The input:
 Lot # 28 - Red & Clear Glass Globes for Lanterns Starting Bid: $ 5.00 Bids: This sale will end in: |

...

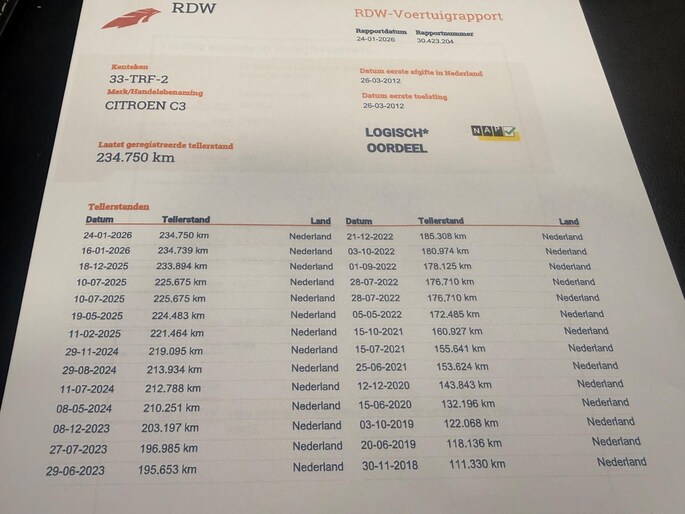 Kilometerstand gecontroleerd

---

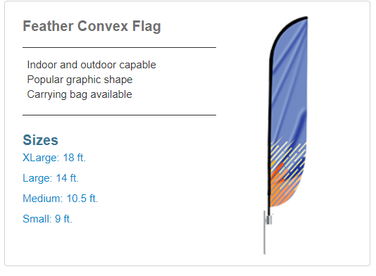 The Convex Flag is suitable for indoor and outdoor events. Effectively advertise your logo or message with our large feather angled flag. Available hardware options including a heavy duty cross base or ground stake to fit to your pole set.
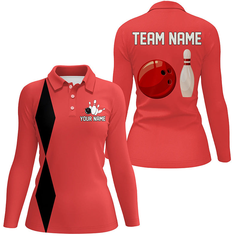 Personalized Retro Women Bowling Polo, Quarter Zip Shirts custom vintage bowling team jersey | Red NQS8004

Task requirements: The lines to copy exactly start with the line above that has "The Convex Flag" and go on through the line that has "Personalized Retro Women"; please include both, add nothing else, and omit the pictures.

Written answer:
 The Convex Flag is suitable for indoor and outdoor events. Effectively advertise your logo or message with our large feather angled flag. Available hardware options including a heavy duty cross base or ground stake to fit to your pole set.
 Personalized Retro Women Bowling Polo, Quarter Zip Shirts custom vintage bowling team jersey | Red NQS8004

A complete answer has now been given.